In practice, problems in the model for user interactions with data (as described in issue #107) cause these inferences to fail. Input data 'Meals' is inferred to come from an interactive user - which is true, but only via a separate process running on the PC. Due to the shortcomings in the model of user-data interactions, it is inferred that Meals is input via the DietPlanner process, so it doesn't need to wait until it can fetch this data from the service running on the user's PC.

This has two consequences. First, the need to cache the sensor input is missed - something that can only be fixed by addressing issue #107. Second, if the DietPlan could be created in any location, it should be cached until the user comes within range of the storage service on their PC. Changes to address #109 mean this is no longer inferred. While the need to cache output only arises because of the failure to detect that an input should be cached, the output should be cached if it can't be sent in a context where input from a client is not cached.

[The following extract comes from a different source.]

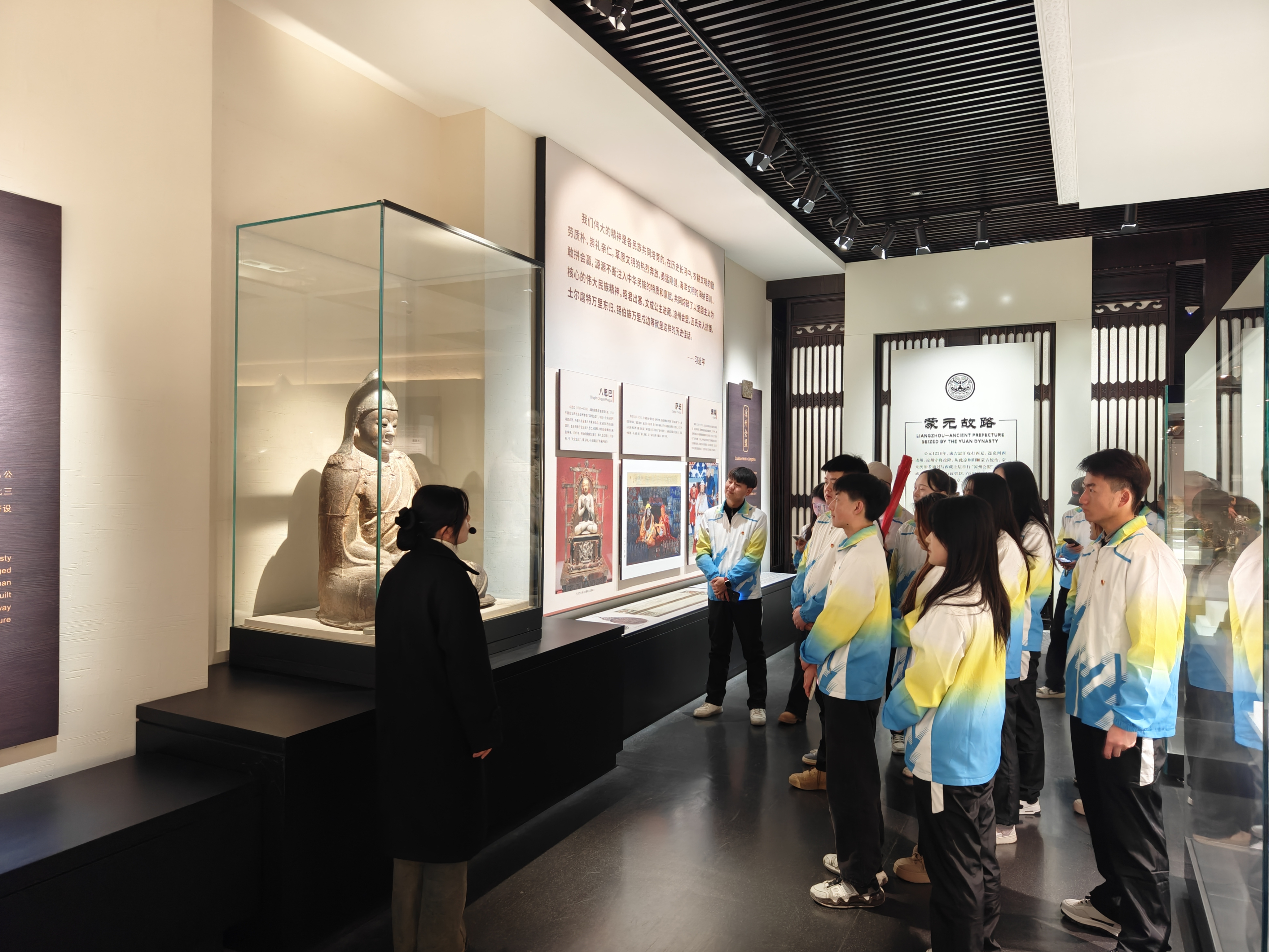 走進(jìn)武威市博物館,學(xué)子們被眼前精美絕倫的文物所震撼。跟隨講解員的步伐,學(xué)子們近距離感受綿延千年的武威歷史長河。

There are two ways this omission could be resolved:

1. Ensure input received from a client is cached if if arrives in a context where output for a service cannot be sent. The assumption in this case is that a process would not generate output it couldn't send, so the calculation would be delayed which means caching the inputs from which it is computed.
2. Ensure output sent to a service is cached if the process may be forced to perform calculations by receipt of uncached input from a client in a context where the output cannot be sent.

The first solution seems more realistic in this test case, though that may be because we know processing should be delayed due to the presence of a second, necessary input (Meals). If this were removed from the model, it is less clear that the input would always be cached and processing delayed. If we implement the first solution, we're excluding any possibility that an output may be cached.

The second solution also works in this test case, given that the sensor input is assumed to be uncached input, even though in this test case, the input should have been cached. It seems less realistic, but if the second input (Meals) is removed from the model, we may find in some cases it is the output that should have been be cached. The second solution allows users to choose which way to go. If the presence of an input cache is not inferred, the user can assert that the data is stored (or cached) on the process host. To make this work, we need two changes:

• [x] a new construction sequence, executed after the input caching sequence, to determine in which contexts a process must run due to the receipt of uncached input from a client, and
• [x] a new construction pattern, executed after that, constructing an output cache if it cannot be sent from one of those contexts.

This situation may be thought of as a new case 8, although the new construction patterns should be inserted before the one that infers the presence of an output cache due to case 7.

[mike1813]

Now fixed on branch 107, allowing previously failing tests for user interactivity to be used addressing issue #107.

[mike1813]

We don't yet have the two modelling error threats as discussed above, Error 1 and Error 2.

These are difficult to implement, as they require threat patterns that match a condition not being met. They are now moved into a separate issue (issue #138), so this one can be closed.